When the Bough Breaks
The bough breaks? The baby falls? Why do we sing such things to our infants? It strikes me as downright sadistic to gaze into my baby’s eyes and sing a sweet, lilting little tune predicting his demise. I was in too much of a sleep-deprived haze with our first son to get worked up about this lullaby. But our second son is a better sleeper. I’m awake enough to become obsessed.
I ask everyone I see about the lullaby, but no one knows. A bit of web research finds lots of people asking the same questions I’m asking, but reveals few answers. Finally I learn that “Rock-a-Bye Baby” is an American lullaby first written down in the late 1700s, and based on the Native American practice of hanging baby cradles in the low branches of trees. So, how does this help us understand the lyrics? Is it simply a warning not to use the high branches? Is it a white man’s mocking of Indian practices?
The most appealing theory I’ve heard so far — even though I doubt this is the intended meaning — is that it is a metaphor: we are the tree, so we must be strong and not break, for if we break, our children will fall. Of course children fall — with or without us — but it would be nice if we could feel certain we hadn’t set them up for the hurt.
And so I try on this idea of being the strong tree for my children. But I remember breaking all too well. The day that haunts me is one where I suddenly find myself throwing my three-year-old son into his room, slamming the door shut and holding it closed while he screams and tugs at the doorknob. You are a bad mama! I grip the knob more tightly, lean my body weight back to keep the door shut. Tears run down my face, my heart pounds, my son rages behind the door. I hate you! How to get out of this? Thoughts careen wildly. The hallway closet, the intake air vent, the water stain on the wood floor refuse to offer up any answers. Hate you, hate you, hate you. His screeches hit a higher register, tinged with panic. Let me out! Still, I can’t seem to let go. Only when he is reduced to whimpering do I open the door. He lays crumpled on the floor. I kneel down, pull him onto my lap, stroke his hair and murmur until finally he falls asleep. Then I close my eyes and slump against the wall. This is not the kind of parent I intended to be.

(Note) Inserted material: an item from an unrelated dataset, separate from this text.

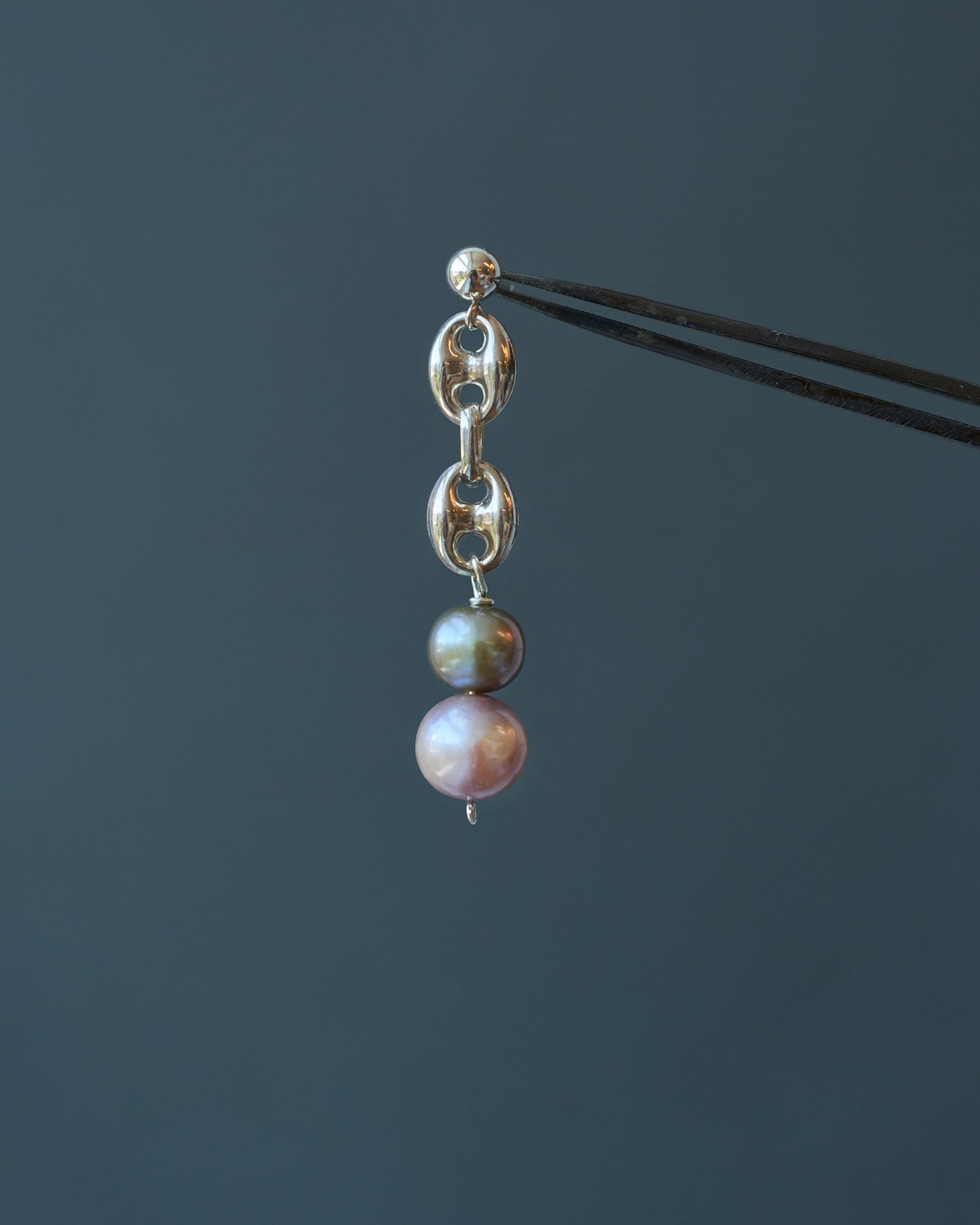 This Gucci-style two-link chain is deliciously paired with a combination of grey and pink 7-8mm pearls to create a unique pear-shaped dangle earring that suspends from a 6mm silver ball. Listing is for a single earring.

Most of my mothering friends have shared similar stories of their own with me — not a request for advice, but a confession, a plea for understanding and forgiveness. We break. We break up, we break down, we break apart. (When the bough breaks, not if it breaks.) Most of us pull ourselves together again, but we live with the damage — a fracture line, a bone chip, a festering wound, a scar — damage to ourselves. This damage is subsumed by the guilt and fear that we may have damaged our children. In the lullaby there is no doubt the bough will break, no question about why it breaks, no concern for the tree. The tree will survive, we seem to assume, and I suppose that usually it does; wounds heal, new branches grow. Trees are made to withstand the vagaries of wind and weather. So perhaps it is right that all care is for the baby. Still, I wish that someone somewhere would ask: how is the tree?
I grew up with the belief that motherhood was servitude, and I wanted no part of it. When at last in my late 30’s I decided I wanted a baby, I soon came to realize that getting pregnant would be a project. As my husband and I timed our sex and counted days, as getting pregnant moved from a project to an obsession, part of me still grappled with doubt. As much as I wanted a baby, I felt at risk. I didn’t know who I would become once I had a child. When we finally achieved a sustained pregnancy, I put away the fertility books and pulled out the maternity books. But these “what to expect” books seemed to address a more chipper, fact-oriented type of woman, one concerned with concrete, physical phenomenon — issues of the body more than the psyche. Then I found Louise Erdrich’s memoir of early motherhood, The Blue Jay’s Dance.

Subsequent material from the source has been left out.